A large part of the answer lies in the fate of the Dingling tomb 明定陵 of Ming Emperor Wanli 明万历, which was sealed in 1620. In 1959, under the newly founded People’s Republic of China, the country’s leadership took the decision to conduct a trial excavation – showing off the new China’s scientific expertise, glorious heritage, and using the first project as a test ahead of more thoroughly excavating the other 13 Ming tombs in the complex north of Beijing.

27m underground, the entrance to Han Wanli’s Dingling tomb

While initial excavation was a success – a deep shaft draining off water before excavators prised open the marble gates, revealing the untouched treasures and royal sarcophagi – disaster was to come with the follow-up. The delicate metal, wooden, fabric, and silk artefacts had been undisturbed for centuries; now stored improperly in a drafty, poorly built warehouse they rapidly putrified and decayed in Beijing’s harsh climate. Catastrophe dogged catastrophe, culminating in the horror of the Cultural Revolution – Red Guards from Beijing marching to the museum in 1966, removing Wanli’s corpse before hanging it from a tree for class crimes. The destruction of the Dingling tomb’s artefacts was complete; and it was to lead to an indefinite prohibition on future excavation.

Lichen and waterstaining gives a wonderful patina over the interior of Qianlong’s Yuling tomb

This was not even the first serious modern destruction witnessed on the resting places of China’s emperors.

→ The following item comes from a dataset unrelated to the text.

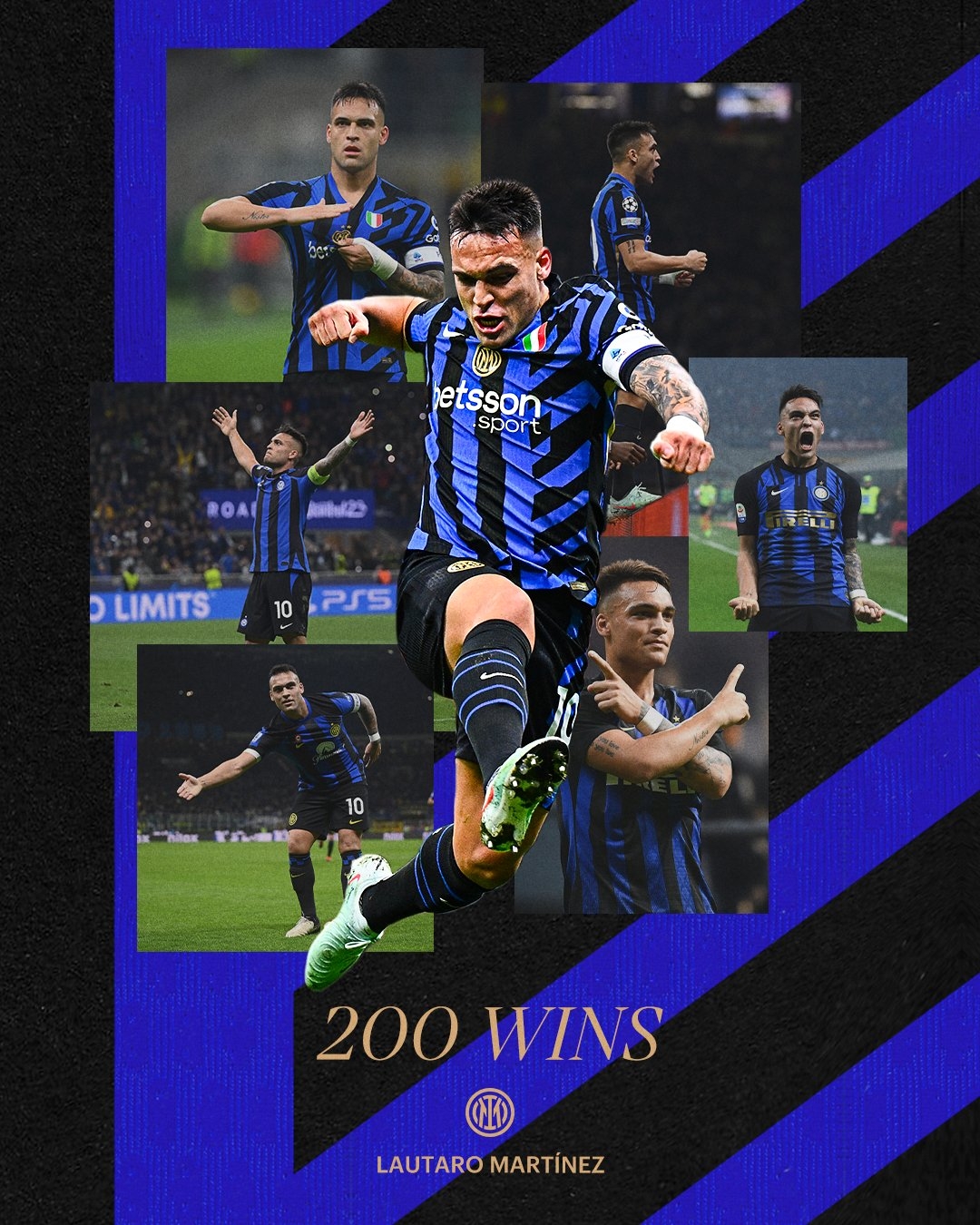 國(guó)米官方數(shù)據(jù)統(tǒng)計(jì)顯示,27歲的勞塔羅也達(dá)成了俱樂(lè)部200勝里程碑。國(guó)米官推也表示:“我們的旗幟人物已經(jīng)達(dá)成了藍(lán)黑生涯200勝。”

In 1928, during the fractured period known as the ‘warlord era’, local big man Sun Dianying decided to mount a smash and grab on the Qing tombs located in the Hebei countryside north east of Beijing. A column of troops would drive up to and thoroughly plunder the greatest tombs of the recently deposed Manchu dynasty, looting and devastating tombs including those of Empress Cixi – whose body, less than 20 years dead, was manhandled for its jewel-encrusted clothing – and the Kangxi and Qianlong Emperors. The artefacts were carted off for the black market; the bodies discarded.

Dingzhou’s Han tomb, discovered in 1973 and occupied by a King of the Han vassal Zhongshan kingdom

The lost and forgotten

Most of the above are hardly off the beaten track – many line the pages of Lonely Planet, and the rest are easily signposted by eager taxi drivers or local tourist bureaux. Glorious as they are, therefore, as I go through my albums and diaries, they do not rank in my top tier of necropoleis and sepulchres.

Writing across the tomb’s ceiling bricks

Several months ago I found myself in Dingzhou, a small city in Hebei most famed for its Song pagoda (the tallest in China, and which doubled as a watchtower spying on the encroaching Liao). With time to kill before my train I found a spattering of listed relics – a mosque, a closed off temple – behind a primary school. And behind them all, a small tumulus – with (once I had parted with 5 RMB for the entrance ticket) a tiny, perfectly preserved Han dynasty brick tomb, likely dating to the first century BCE and occupied by a minor Han King.

Breath catching as I emerged from the entrance tunnel, craning to see bricks scrawled on by their architects two millennia prior, the tomb was a paradigm of quiet, tranquility, and isolation, ignorant of the urban sprawl concealing it from above.

And, really, what more could one want?